HomeForumsEmotional MasteryI want to be normalReply To: I want to be normal

#390804
samy
Participant

Hi anita!

It’s so good to talk to you again. You probably won’t remember me but I gave you my name back then so I will use it. This is Girija. I hope you are doing well. The threads are still there, I found them. I show up as Anonymous, inactive. I used the same email to create both the accounts, I don’t see an option to reactivate my old account. Would you know where to get that option? Or maybe I could reply on that with the new account?

I am ashamed of that thread for how it ended. I disappeared without saying anything, but you were so helpful there and I am grateful for that. My conclusion that my problems are beyond the external came from my interactions with you and my own introspections after I left tinybuddha. I couldn’t handle exploring my problems then and simply quit. I am very sorry for doing that. I couldn’t handle it. I left without saying bye or a thanks, I’m very sorry about that. I read that thread now and see how resistant I was to look at the source of my problems. I feel terrible about it.

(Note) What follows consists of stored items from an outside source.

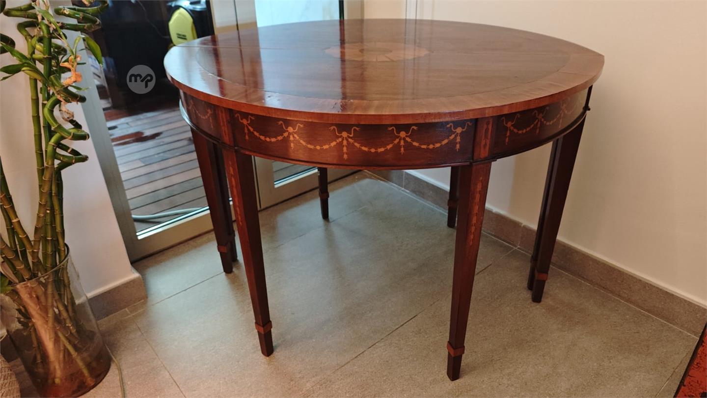 A rare pair of Antique Georgian Demi Lune Console Tables which can be used together as a Card Table. Both are in very Good Condition. They have elegant intricate marquetry and inlaid motifs. Approx diameter 112.5 cm and height 76 cm.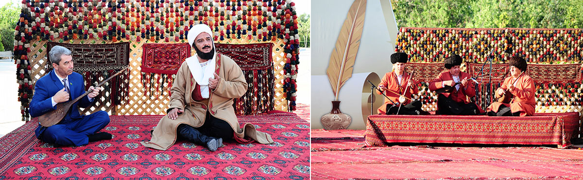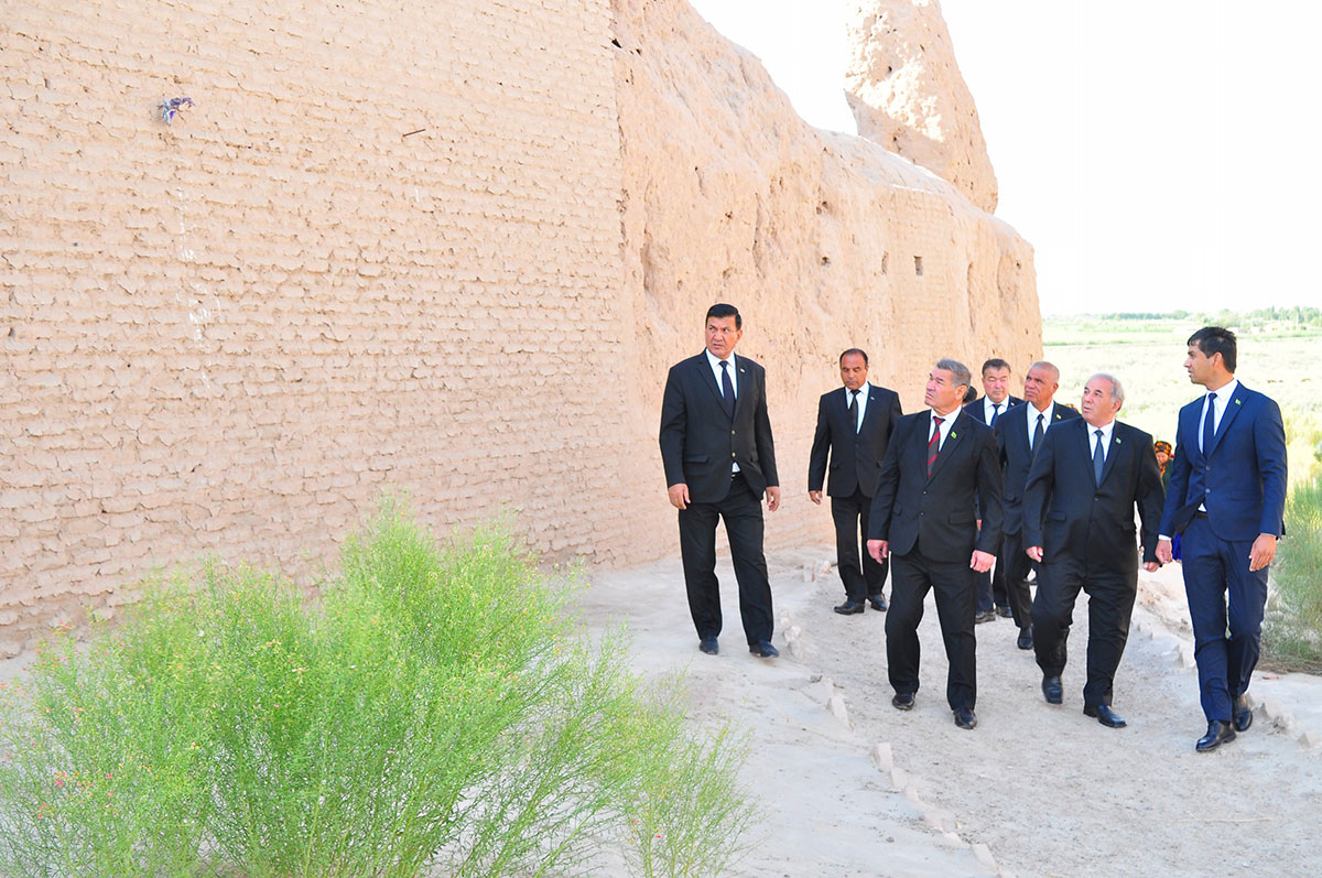 In line with the programme of the Week of Culture, the participants of the cultural event had an opportunity to visit the unique archaeological sites located in the Dashoguz Velayat, some of which are included in the UNESCO World Heritage List. The participants in the cultural forum visited the ancient city of Zamakhshar, located on the territory of the current Gorogly etrap, the homeland of the outstanding Turkmen scientist -encyclopedist, philosopher, theologian, philologist and writer of the 11th – 12th centuries Maḥmud Zamakhshari , whose works had a significant impact on the development of world science, and his mausoleum became a pilgrimage site not only for Turkmen citizens, but also for foreign guests. A colorful musical festival was arranged on the square located on the shore of the Yashlar Lake with the participation of students of the Dashoguz Velayat Art schools. Thematic exhibitions of works by students of Dashoguz and Dashoguz Etrap children's art schools were showcased there. Young performers pleased the guests with choreographic and folklore performances. A meeting devoted to the development of cinematography took place at the modern rural House of Culture in the “Altyn ýol” Geneslik of the etrap named after S. A. Niyazov. The premiere screening of the film “Beýik ýüpek ýoly” based on the book by the President of Turkmenistan “Turkmenistan is the Heart of the Great Silk Road” took place in frames of the meeting. In the evening, the festivities continued in the central part of Dashoguz, on Magtymguly Square. A literary evening was arranged at the monument to the great Turkmen poet. The programme of the second day of the Week of Culture was completed by the concert of masters of culture and arts.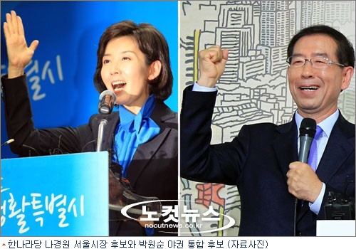 나경원 후보가 여당인 한나라당과 보수단체들의 전폭적인 지지를 받고 있는 반면 박원순 후보가 아직 민주당 당원의 마음을 움직이지 못하고 있기 때문이다.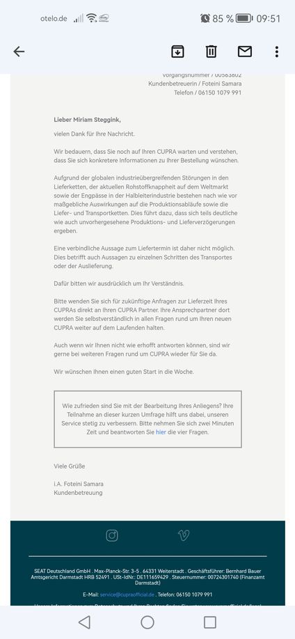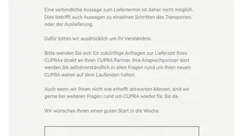 Hab jetzt mal dumm angefragt, ob die Mail von Cupra „gebaut“ was zu sagen hat. Bin gespannt…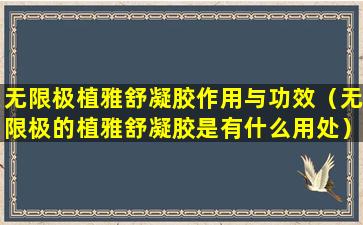 无限极(Infinitus)是一家中国的健康产品公司,其产品线涵盖了个人护理、健康食品等多个领域。植雅舒凝胶是无限极的一款个人护理产品,通常被宣传为具有舒缓和保湿的功效。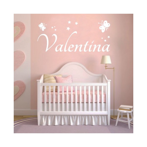 Vinilos decorativos con nombre Valentina y estrellitas y mariposas para decoración de paredes, recomendado para superficies lisas. Son muy sencillos de colocar, y la colocación es muy limpia y rápida.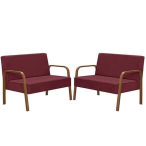 Kit Poltrona Decorativa 2 Namoradeiras Jade Braço Madeira D Salla Suede - Bordô
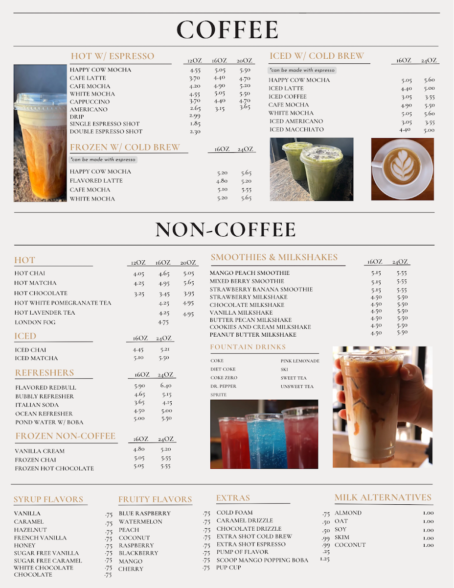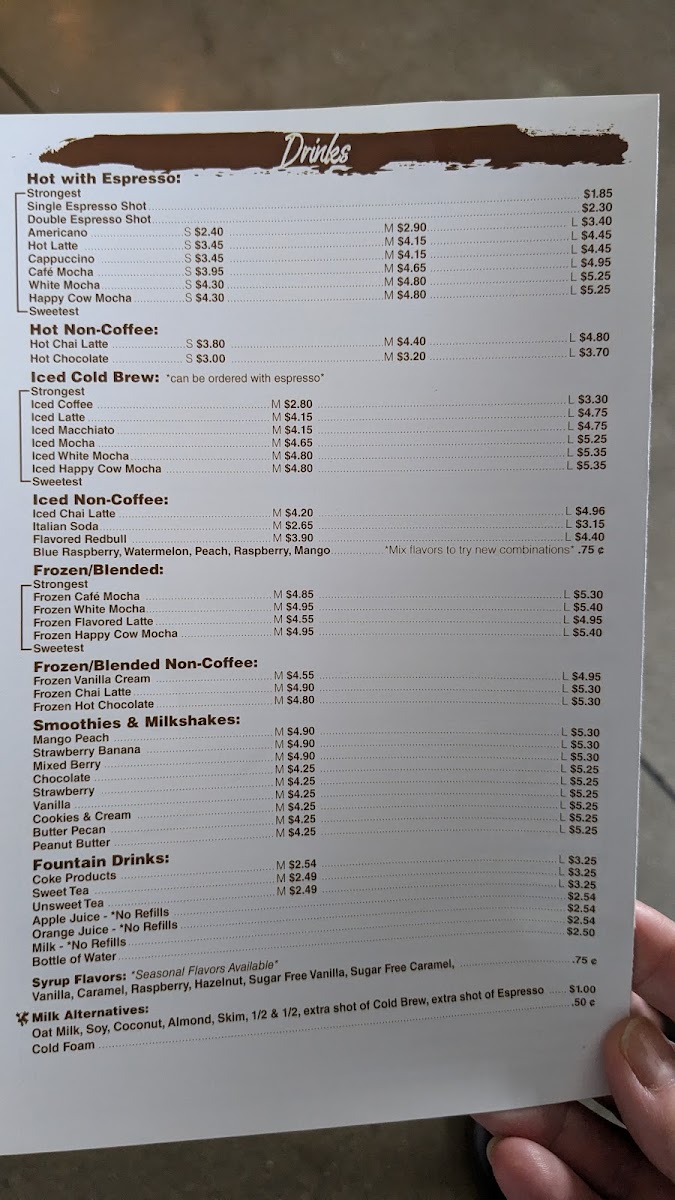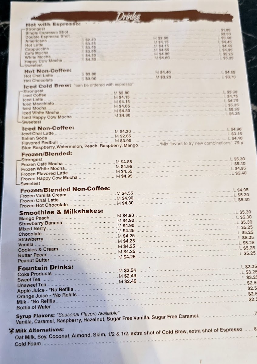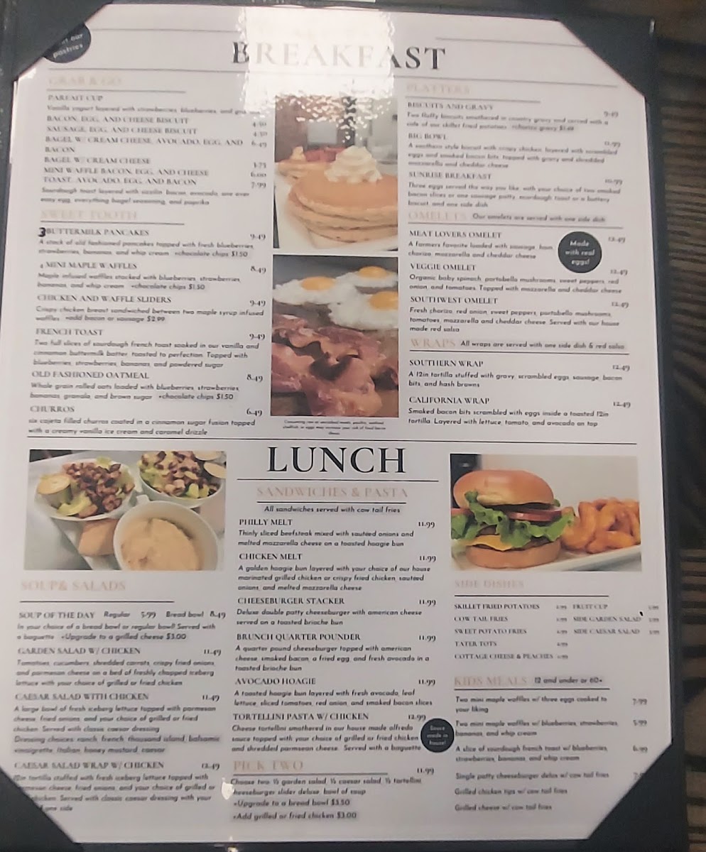 From a reviewer’s perspective, the menu at Happy Cow Cafe offers a comforting and well-rounded selection that reflects its casual, hometown charm. Starting with drinks, the café caters perfectly to coffee lovers with options like Single Espresso Shot, Double Espresso Shot, Americano, Hot Latte, and Cappuccino, providing everything from a quick caffeine boost to a smooth, relaxing cup to enjoy on site. The pastry section keeps things simple yet inviting, with the classic Cinnamon Roll standing out as a sweet companion to any coffee order. For breakfast, the menu balances lighter and heartier choices, ranging from the refreshing Parfait Cup and Fruit Bowl to filling staples such as the Sausage Biscuit, Bacon, Egg, and Cheese Biscuit, and the flavorful Fried Chicken Biscuit, making it easy to satisfy different morning cravings. Lunch continues this approachable style with comforting and familiar dishes like Soup of the Day, Garden Salad w/ Chicken, Caesar Salad w/ Chicken, Chicken Caesar Salad Wrap, and the indulgent Philly Melt, appealing to both those seeking something light and those wanting a more substantial meal. The Kids Menu is thoughtfully designed, offering kid-friendly favorites such as 2 Mini Waffles w/ Eggs, 2 Mini Waffles w/ Fruit, French Toast w/ Fruit, Cheeseburger w/ Cowtail Fries, and Grilled Chicken w/ Cowtail Fries, ensuring younger guests feel just as considered. To round out any meal, the sides selection-including Skillet Fried Potatoes, Cowtail Fries, Sweet Potato Fries, Tater Tots, and Cottage Cheese and Peaches-adds flexibility and comfort. Overall, the Happy Cow Cafe menu feels cohesive and welcoming, bringing together classic café beverages, satisfying meals, and family-friendly options into a lineup that leaves a positive and complete impression.

You are right I don’t want to take the pain anymore. Honestly, I am not sure if I can either, I am worried I’ll get a heart attack or stroke.

I’ll bring back the thread with the new account, if you are ok with that, it’s called “Advice for the lost and weary”.  When I do, I am worried you will see who I am and not reply and I can understand that. I am sorry again. I will reply on it with this account. I will own up to my mistake. And I know, I can’t expect you to forgive me, so I won’t but please know I am sorry. Thank you for helping a stranger. You were there on the thread to talk to even through my mother’s surgery. Thank you!

I’ve been to counselling but it did not work out. I needed a space where I did not want somebody saying everyone has good and bad. I already know that and acknowledge it but knowing someone is also good does not help with this pain, it makes me feel guilty or wrong for feeling this way.